(SUPPLIED INFORMATION begins)
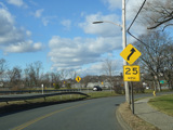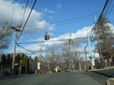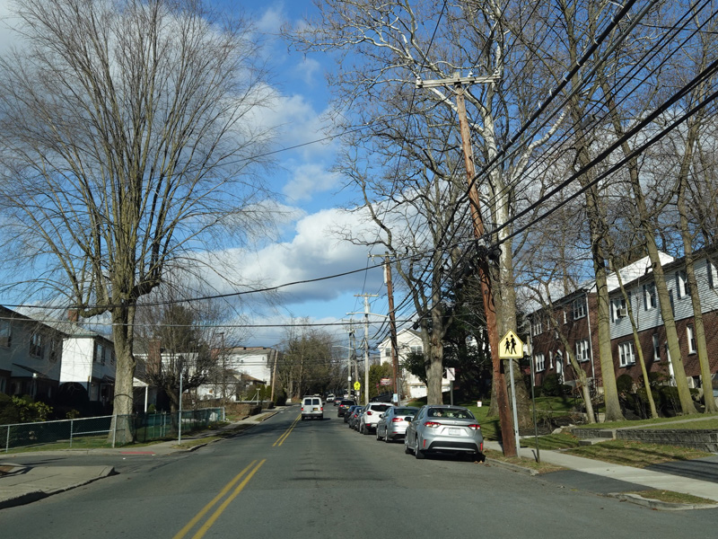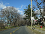 Immediately after the traffic light, Underhill Avenue ends at an uncontrolled intersection. Continue straight ahead for Lake Street (CR 32). Turn left for Harrison Boulevard (CR 32B).
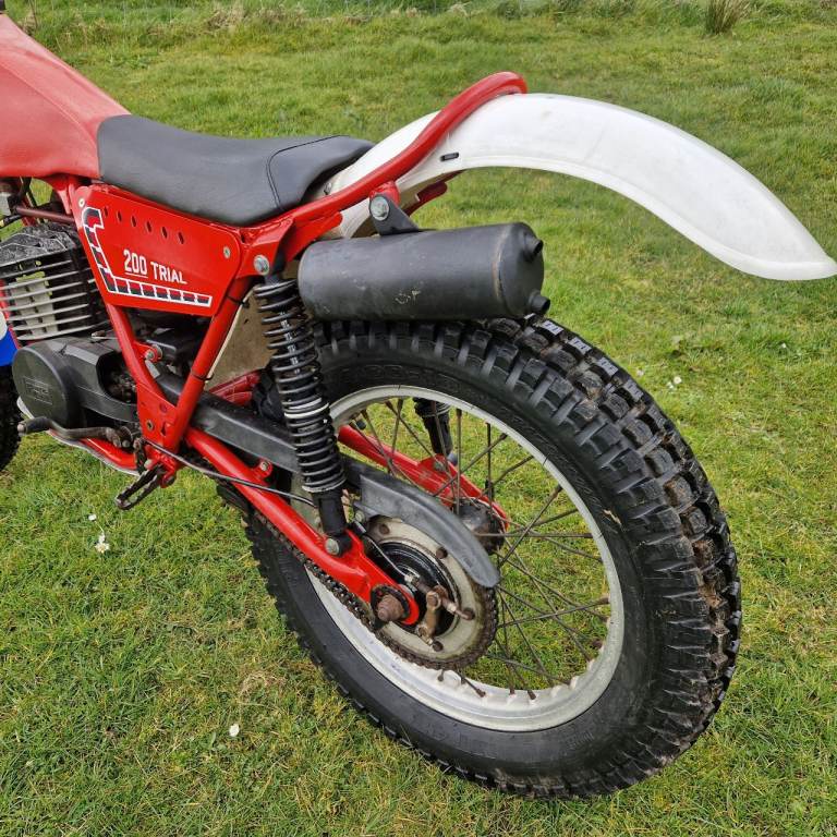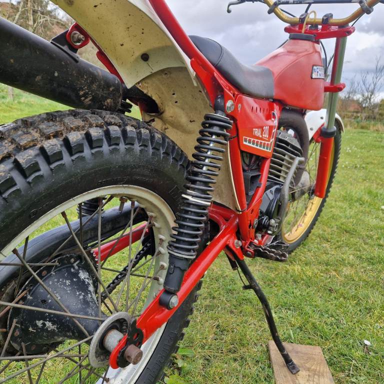This is the 156cc Minarelli-engined “back kick” model, now much sought after for twin-shock trials.
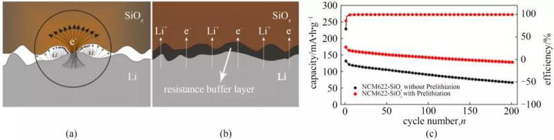 圖10 鋰離子和電子在(a)直接接觸成鋰前過程和(b) RBL調節(jié)的成鋰前過程中的轉移; (c)預鋰化負極(紅線)和未預鋰化(黑線)比容量
(SUPPLIED INFORMATION ends)
- _ACTION ITEM_
Copy out the full material exactly. Pictures should not appear in it.

- _TASK RESPONSE_
 Immediately after the traffic light, Underhill Avenue ends at an uncontrolled intersection. Continue straight ahead for Lake Street (CR 32). Turn left for Harrison Boulevard (CR 32B).
This is the 156cc Minarelli-engined “back kick” model, now much sought after for twin-shock trials.
 圖10 鋰離子和電子在(a)直接接觸成鋰前過程和(b) RBL調節(jié)的成鋰前過程中的轉移; (c)預鋰化負極(紅線)和未預鋰化(黑線)比容量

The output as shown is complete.